По дороге Римма сказала, что Юргену всего двадцать пять лет, но выглядел тот солидно: внушительная фигура при среднем росте, высокий круглый лоб с намечающимися залысинами, гладко зачесанные назад светло-русые волосы. Одет он был в серые строгие брюки, из-под треугольного выреза тонкого пуловера виднелся распахнутый ворот белой рубашки. Сделав приглашающий жест в сторону кабинета, Майсснер сказал с небольшим акцентом:
– Будем говорить по-русски? Моя бабушка русская, попала сюда во время войны.
Угнали в плен, догадался Денис, и кивнул:
– Мой немецкий ограничивается школой.
– Если хотите, можно попробовать по-немецки, но я думаю, вам пока будет неудобно. Возможно, позже, когда вы освоитесь с языком…
«Интересно, как долго он надеется проводить надо мной эксперименты?» – входя в кабинет, подумал Денис.
Комната имела странную конфигурацию. Часть низкого потолка была скошена, из него на крышу выдавалось окно с задернутыми коричневыми шторами. Слева примостился просторный письменный стол, явно антикварный, рядом современное вращающееся кресло. Дальше по этой стене еще одно кресло – на вид уютное и мягкое, и журнальный столик. Напротив – темный кожаный диван с мягкими подлокотниками и парой неброских шелковых подушек.
– Присаживайтесь, – предложил хозяин кабинета, указывая на диван, а сам устраиваясь возле стола. – Вы здесь для того, чтобы я помог вам избавиться от ночных кошмаров и общей депрессии, от мучающих вас мыслей. Так?
Денис кивнул.
– Вы согласны быть со мной предельно откровенным, как на исповеди?

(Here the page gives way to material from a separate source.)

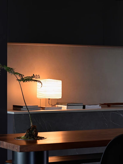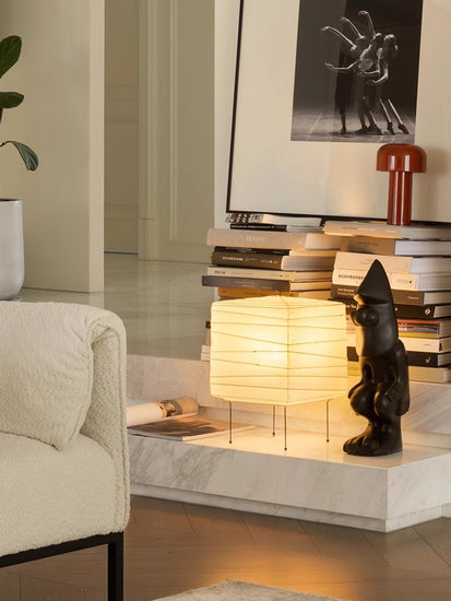 Elevate your space with the Ayla Cube Table Lamp. where minimalist design meets sculptural elegance. Inspired by traditional paper lanterns. this modern piece features a striking cubic form. with carefully crafted folds that add texture and charm to its soft illumination. Its slender black wire legs create the illusion of floating light. while a sleek handle atop the lamp adds a touch of practicality for effortless portability. The Ayla Cube is more than just a lamp—it's a piece of art that brings warmth and sophistication to any room.

– Я никогда не бывал на исповеди.
– Вы атеист? Тогда я сформулирую иначе: предельно откровенным, как с самым лучшим другом. Мы будем работать вместе. Я помогу проанализировать ваши мысли, ощущения, мучающие вас кошмары. Вместе мы исследуем и дадим оценку событиям вашей жизни. И, в завершение первого этапа работы, оценим, какие последствия для вашей будущей жизни может нести нынешнее депрессивное состояние. Итак, вы согласны?
Денис не слишком уверенно пожал плечами. Раскрывать душу чужому? Он не представлял, как этот человек сможет избавить его от жгущего душу ощущения, что он разрушил не только свою жизнь…
– Прилягте.
– Что?
– Ложитесь на диван. Голову в ту строну, к двери. Не стесняйтесь… А теперь закройте глаза и подумайте, что вас волнует больше всего. И скажите мне.

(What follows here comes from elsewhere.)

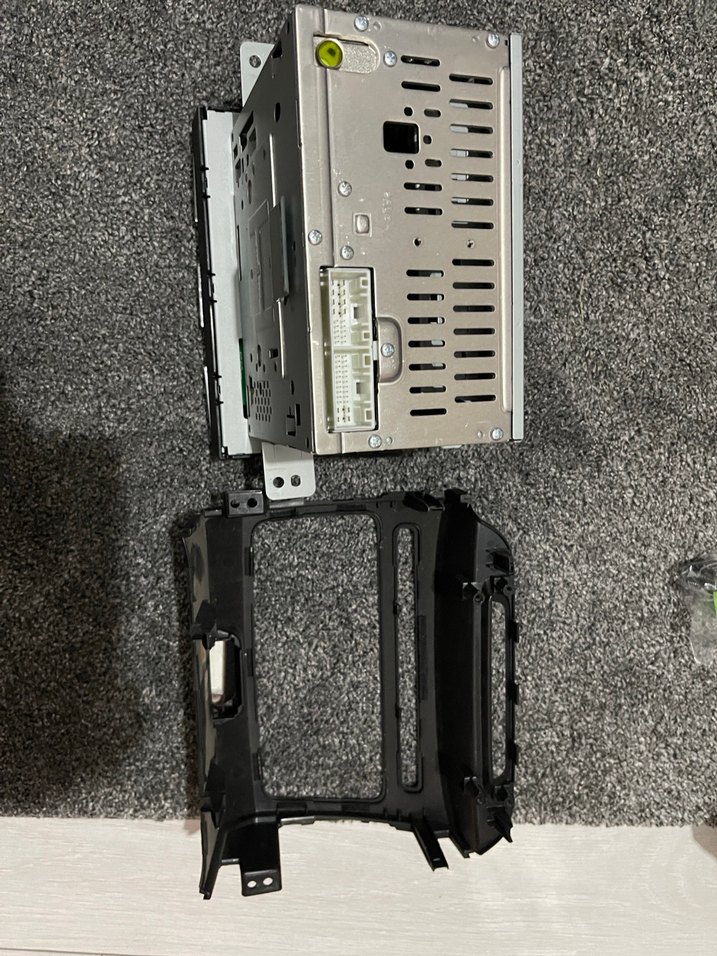 Metal kasalı ve ön panel çerçeveli siyah araç müzik sistemi ünitesi, gösterge paneline montaj için uygundur.

Денис послушно закрыл глаза. Исчезло окно, кабинет и Юрген Майсснер. Едва чувствуя под собой опору дивана, он представил себя одиноко парящим в мягкой темноте.

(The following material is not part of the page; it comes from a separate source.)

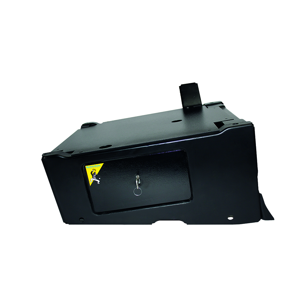 Der Einbau des Safekastens erfolgt in der serienmäßig vorhandenen Öffnung der Sitzkonsole an der Seite. Hierbei ist es wichtig, dass der Kasten mit der schmalen Aussparung nach oben in die Konsole eingeschoben wird.

– Не торопитесь, подумайте… – услышал он голос Майсснера.
– Чувство вины, – выдавил Денис через несколько секунд.
– Почему?
С закрытыми глазами правду оказалось сказать проще.
– Я не предотвратил убийство.
– Что? – вырвалось у Юргена совсем другим, резким тоном.
Денис открыл глаза. Психотерапевт пристально уставился на него.